Fazzy was such a handsome dog, so appealing, that everyone wanted to pet him, even people who were a little scared of big animals. He loved meeting people and other dogs. His fur was the finest, softest hair I've ever felt. Except for the two Skunk Incidents, over which we shall draw the veil, he usually smelled pretty good. He was one of those dogs with human-like eyes, brown and radiant, soulful. A lady once told me he looked like a dog from a fairy tale or mountain epic. He did.

When Fazzy got cancer last year, at the age of seven -- which is not unusual for big dogs -- I just prayed he would have one more of his beloved winters. I've never seen anyone or anything love the snow more than that dog. 


He got that winter gift and more. He responded so well to the chemotherapy that it looked like he'd be with us a long time, but that was wishful thinking. Whether it was the toll from the cancer or the cure, or something completely unrelated, I can't say, but over this year he steadily lost weight and showed new signs of illness. He was always picky about meals -- irritatingly so -- but soon he was refusing most kibble, then soft food, then some treats, ultimately everything. His bowel movements were like the flow of the River Styx. He had little time left. 

That last day my wife said he was suffering, and I said let's just take him out, see how he's looking outdoors. He was on five prescription drugs at that time, including one that required an oral syringe three times a day. (He didn't seem to mind the taste, but he hated the syringe.) After lunch we took him and Izzy out, and Fazzy did his business, but then sat on the lawn looking down, a real hangdog look, like he was defeated. I gave him half a soft chicken Milk-Bone, his favorite, and he spat it out. 

I called the vet from the porch. 

I'm so grateful we have Izzy. He's still a huge handful and when he gets overtired, which is every night around nine, he becomes a menace. But he's improving daily. After we left the vet, and Fazzy's remains, I thought I would go out of my mind with grief, but with a puppy to care for, who has time to dwell? 

Izzy is exceptionally affectionate and demands attention.

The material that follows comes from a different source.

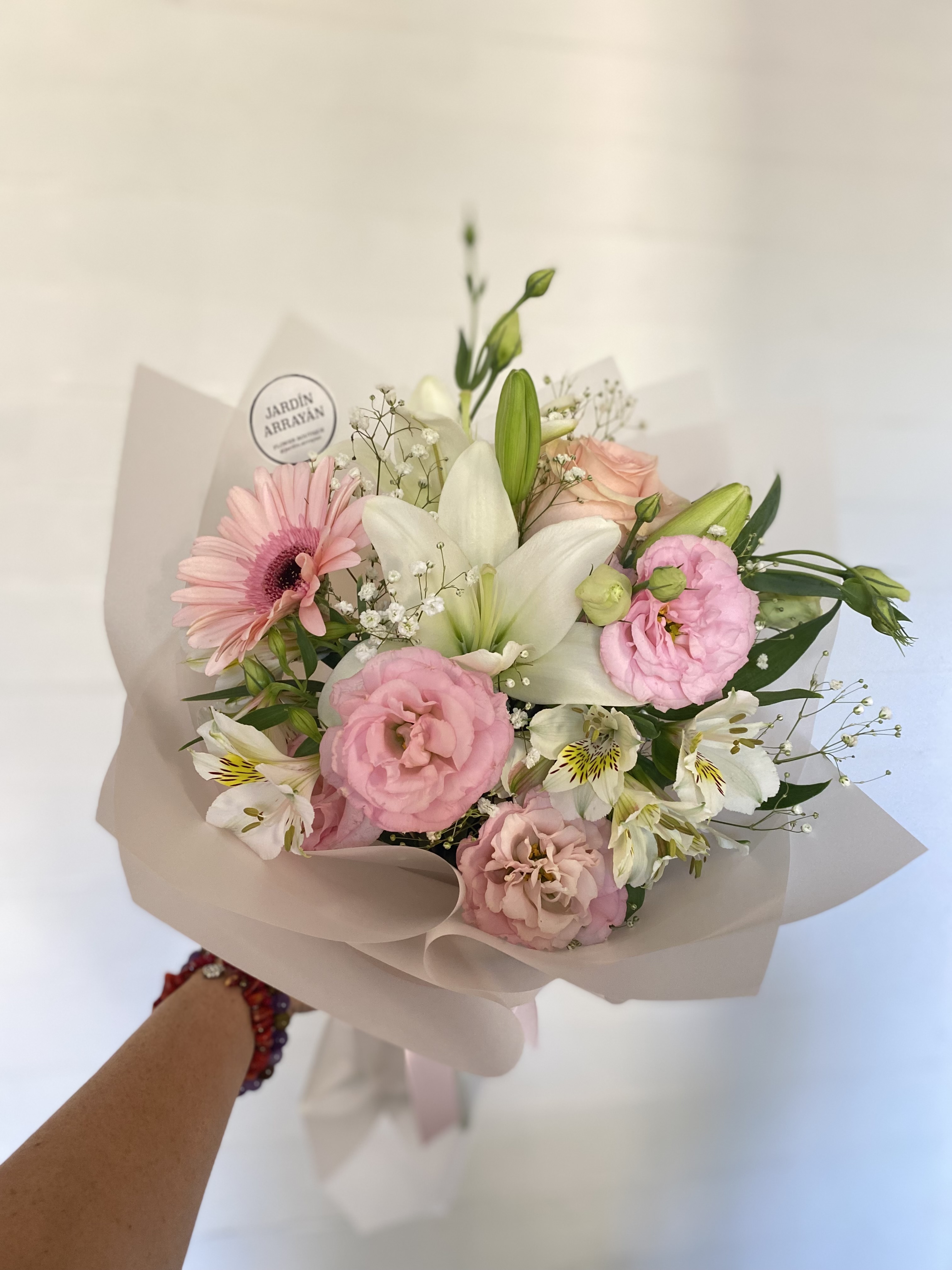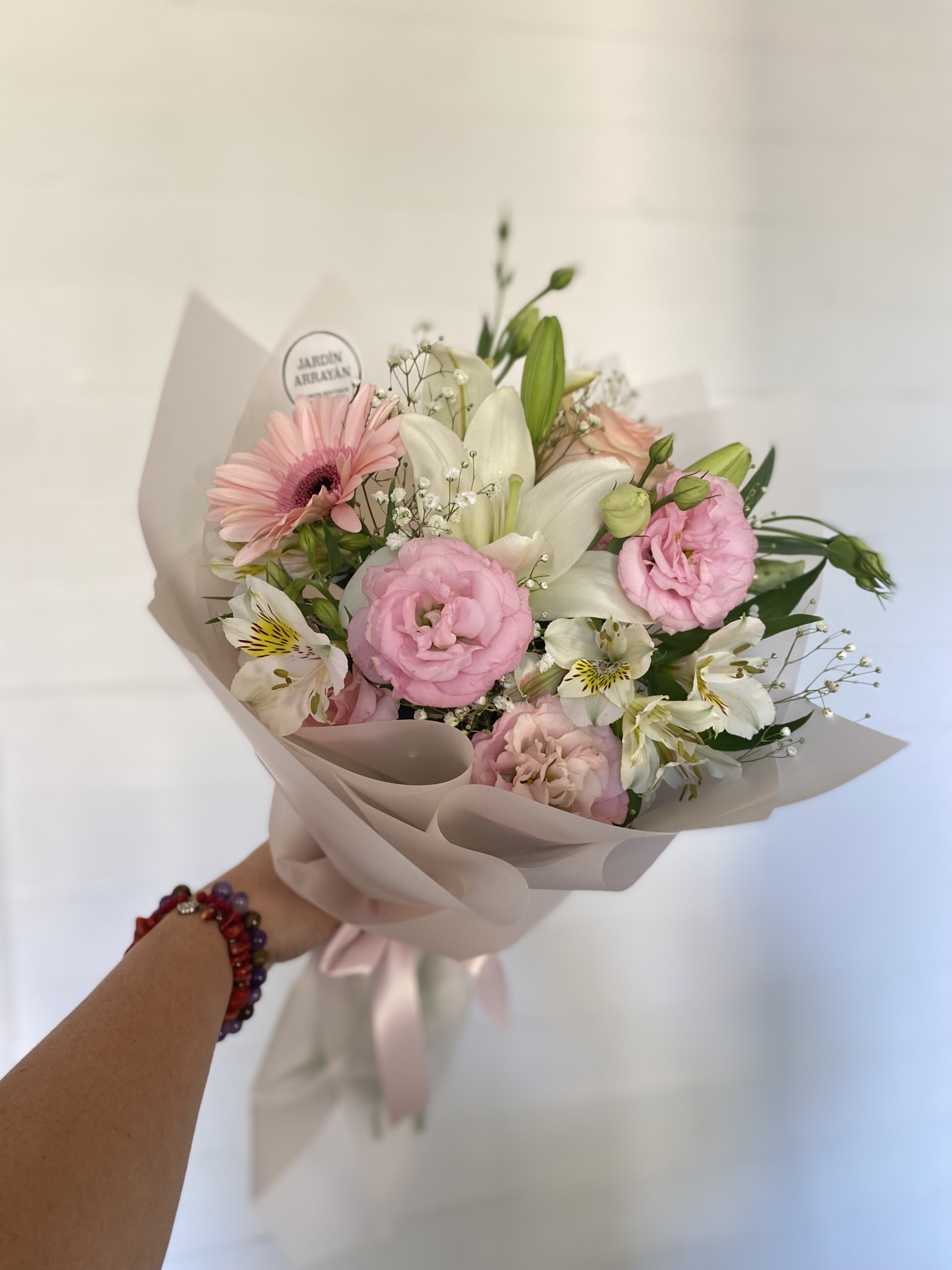 Descubre nuestro elegante ramo en tonos rosados con delicados toques blancos. Este ramo no solo destaca por su belleza, sino también por la suavidad de sus pétalos, lo que lo convierte en una opción ideal para cualquier ocasión especial. Su diseño cuidadosamente elaborado aporta un toque de frescura y sofisticación a tu decoración.

Fazzy was not like that, being more independent and even a little hand shy, but he had his own ways of showing affection. He'd just look at you with those beautiful eyes, or shove his head into your underarm or crotch (eek!), or rub his head against you like a cat. If he wanted to play, he might ROWRF at you and prance around like a puppy, which is great fun with a big fuzzy dog. When he settled down, especially later in life, he'd let out his grunts and harrumphs like an old man. He made a lot of interesting sounds; he could yawn like Chewbacca or a rusty gate. He could whine like a pesky Chihuahua. He could grunt like a piglet if petted just the right way. 


I miss him already and always will. He's curled up in my heart now, asleep for the time being. Or maybe what they say is true, and he's crossed the rainbow bridge. If he got there, St. Peter might have asked, "Who's a good boy?" and Fazzy might say, "Me! I'm Mr. Gooboy." 

"No," would say St. Peter. "You were the best boy."

6 comments:

technochitlin said...

Fair winds and following seas, Mr. Gooboy.

Mag said...

I know all too well how you feel, and I'm sorry you're going through it. We've lost our last two Goldens to cancer, and now with another big one (he's 105 lbs) I sometimes feel like we're just asking for the hurt all over again. But they're all such good boys.

Robert said...

Condolences again. When I had to put Teddy down two Marches ago (most likely 17 y.o., his body just gave out) I lasted a day before I got the terrorists

rbj13

MP said...

A nice tribute that offers a glimpse into the big personality of Fazzy. Again - I'm sorry for your loss.

Puffin

Stiiv said...

You made me very misty, you ****. Beautiful writing that came from your heart, so sad but you made me smile through the tea-...uh...the mist.

Dan said...

I've read some philosophical comments as to whether animals go to heaven.
Can't give a definitive answer since I haven't been there, but if we carry our memories along with us to the other side, I know our two ferrets will be waiting.